**Exercise objective:**
From the line that contains "Here we have" down to the final line of the listing below, set down every line exactly, both ends included, and drop the pictures.

Data block Block Start

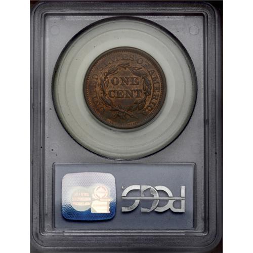 <B>1856<1C> Slanted 5 MS65 Red and Brown PCGS.</B></I> N-2, R.1. Die State d. A later die state with several fine die cracks on the obverse. A lovely example with fully lustrous bluish-brown surfaces and substantial mint red remaining on both sides. Finer than three of the five coins in the Brown sale and close to the Condition Census for this variety. EAC 63.<BR><I>From The Craig A. Stevens Registry Collection of Large Cents.</B></I> <BR><BR><B>Important notice:</B> Heritage usually auctions material at the rate of 200-250 lots per hour. On some occasions eBay Live bid software or the Internet may not be able to keep up with the pace of the auction. We recommend placing a realistic absentee bid now as insurance to avoid disappointment. Occasionally the auctioneer may eliminate or reject an eBay Live bid, and the auctioneer may also reopen a lot after the close of the eBay live bidding (usually because we missed an audience bid), and may reject your bid even if it shows you as the winning bidder. By bidding via eBay Live, you agree that Heritage may award the lot to another bidder at its sole discretion under the circumstances described above or any other reasonable circumstances. Since eBay bids are not shown to us until we open the lot on the floor, we treat those bids just like floor bids. In most cases the floor responds before the eBay bid is presented to us, due to Internet lag time, so for consistency we have made it a policy that floor bids are always considered first over tie eBay live bids. Also please note that all Heritage lots purchased through eBay Live carry a 20% Buyer's Premium. Please make sure you read the Terms and Conditions before you bid. This lot is being auctioned in conjunction with a live floor auction by Heritage Galleries & Auctioneers. All final auction and invoice information will be supplied by Heritage Galleries & Auctioneers, and all other information should be considered preliminary. Lot:345 <BR><BR><B>Winning Notification and Billing:</B> After the FINAL session in this auction is complete, Heritage will send e-mail and snail mail invoices. This process normally takes several days. All final auction and invoice information will be supplied by Heritage Galleries & Auctioneers, and all other information should be considered preliminary. <BR><BR>This auction will be conducted on a live auction floor and over the Internet through eBay Live. If you choose to place an absentee bid, please take a moment to <font color='#0000ff'><u><a href='http://pages.ebay.com/liveauctions/help/before/laabsentee.html'>learn how eBay Live absentee bidding works</a></u></font><font color='#000000'>
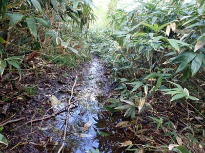 今度は水浸しの道に変化。ここは安家川の源流だそうだ
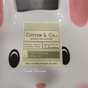 Here we have a Adorable set of 4, New with sticker tags, Bunny rabbit melamine Salad/ Appetizer/Dessert plates. Dishwasher safe, not microwavable. Measures approx. 7"x10" Sooooooo Cute!!!
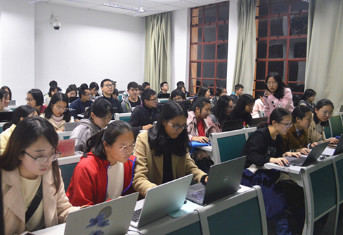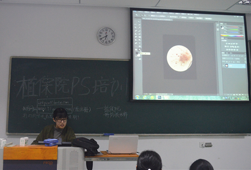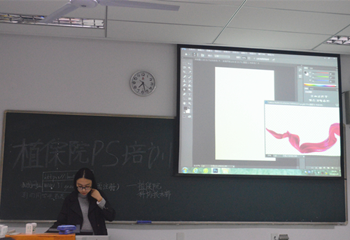 首先,技术部成员帮助同学们安装好PS软件,并介绍了一些可获得PS素材的优秀网站。在确保大家的学习进度一致后,部长徐秋轩给同学们展示了打开文件和放大图片等基本操作,介绍了工具栏中一些常用工具的使用方法及适用场景。讲解中,徐秋轩不时放慢节奏解答同学们的疑惑,较难的步骤多次演示,并用更加简洁易懂的语言促进同学们理解和掌握。同学们踊跃举手,积极求助,表现出了对PS学习的极大热情;技术部的其他成员也在教室里认真指导,耐心解答,一对一地帮助同学们解决问题。

Data block Block End

**Solution to this task:**
 Here we have a Adorable set of 4, New with sticker tags, Bunny rabbit melamine Salad/ Appetizer/Dessert plates. Dishwasher safe, not microwavable. Measures approx. 7"x10" Sooooooo Cute!!!
 首先,技术部成员帮助同学们安装好PS软件,并介绍了一些可获得PS素材的优秀网站。在确保大家的学习进度一致后,部长徐秋轩给同学们展示了打开文件和放大图片等基本操作,介绍了工具栏中一些常用工具的使用方法及适用场景。讲解中,徐秋轩不时放慢节奏解答同学们的疑惑,较难的步骤多次演示,并用更加简洁易懂的语言促进同学们理解和掌握。同学们踊跃举手,积极求助,表现出了对PS学习的极大热情;技术部的其他成员也在教室里认真指导,耐心解答,一对一地帮助同学们解决问题。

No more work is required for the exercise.